How do you test your DAGs locally before pushing to staging/prod?

Hi all,

Recently we are preparing to upgrade our CC1-Airflow1 setup to CC2-Airflow2. For ease of development, we are looking at how to setup a Airflow 2 environment that's close to CC2 actual environment and are delighted to know with CC2 there's a specific `composer-dev` CLI to create a docker container that use Google's CC local dev image. That seems to a great offering on the tin as that would save lots of setup time for us! However, things aren't as it seems in actual world it seems...

When using the image by `composer-dev`, it is massively restrictive which result in the scheduler constantly crashing on DAGs that has a lot of concurrent operations (compute lights, just API requests).

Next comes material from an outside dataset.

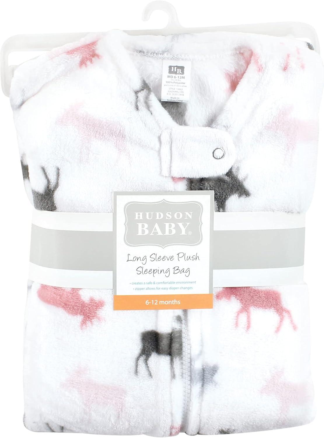 Hudson Baby Unisex BabyPlush Sleeping Bag, Sack, Blanket(Pink Moose Long Sleeve)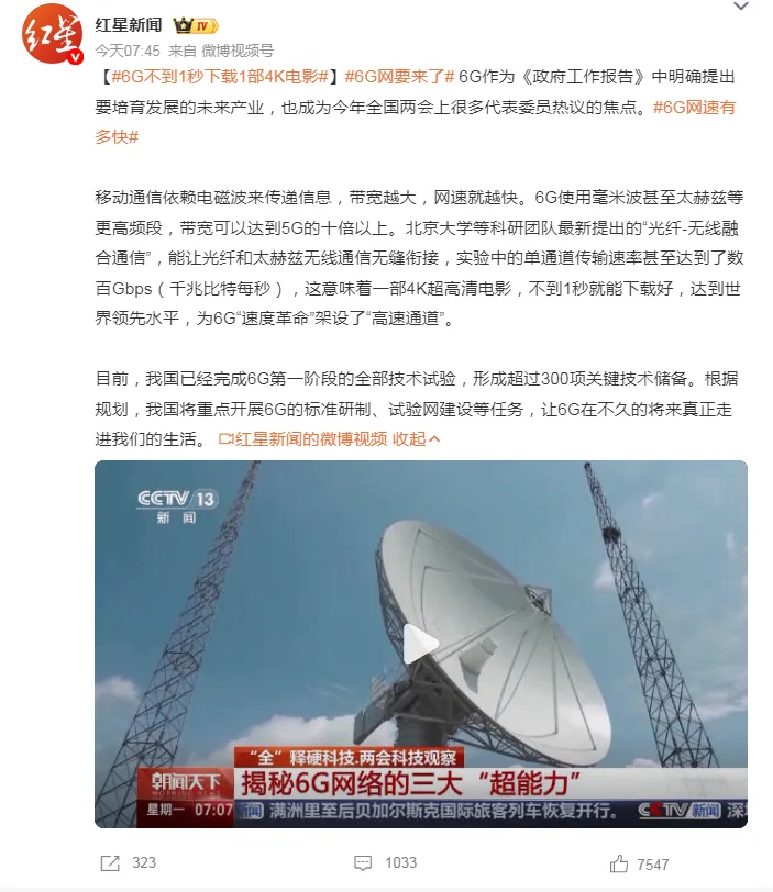 今年全国两会,6G成为当之无愧的科技热词,被明确写入《政府工作报告》,列为重点培育的未来产业,成为代表委员热议焦点。

Back in CC1-Airflow1 we have our own docker-compose which spawns the whole setup in a proper way (with separate SQL db image and redis image etc.) so we can as well setup the same for CC2. However, doing so will be defiance of the reason for using CC2 official images, to develop based on a similar environment.

I would be nice to know how do CC2 community members develop? What's the development flow like and do you manage to test something big with instance created by `compose-dev`?

Thank you

Q

 

0 1 1,336
1 REPLY 1

There are multiple ways to test DAGs locally in Google Cloud before deploying them to staging or production environments.

One option is to use the composer-dev CLI, which creates a Docker container using Google's CC local development image. This allows you to test your DAGs in an environment that closely resembles the actual CC2 environment. However, it's important to note that the composer-dev image has limitations and may not handle DAGs with high concurrency well.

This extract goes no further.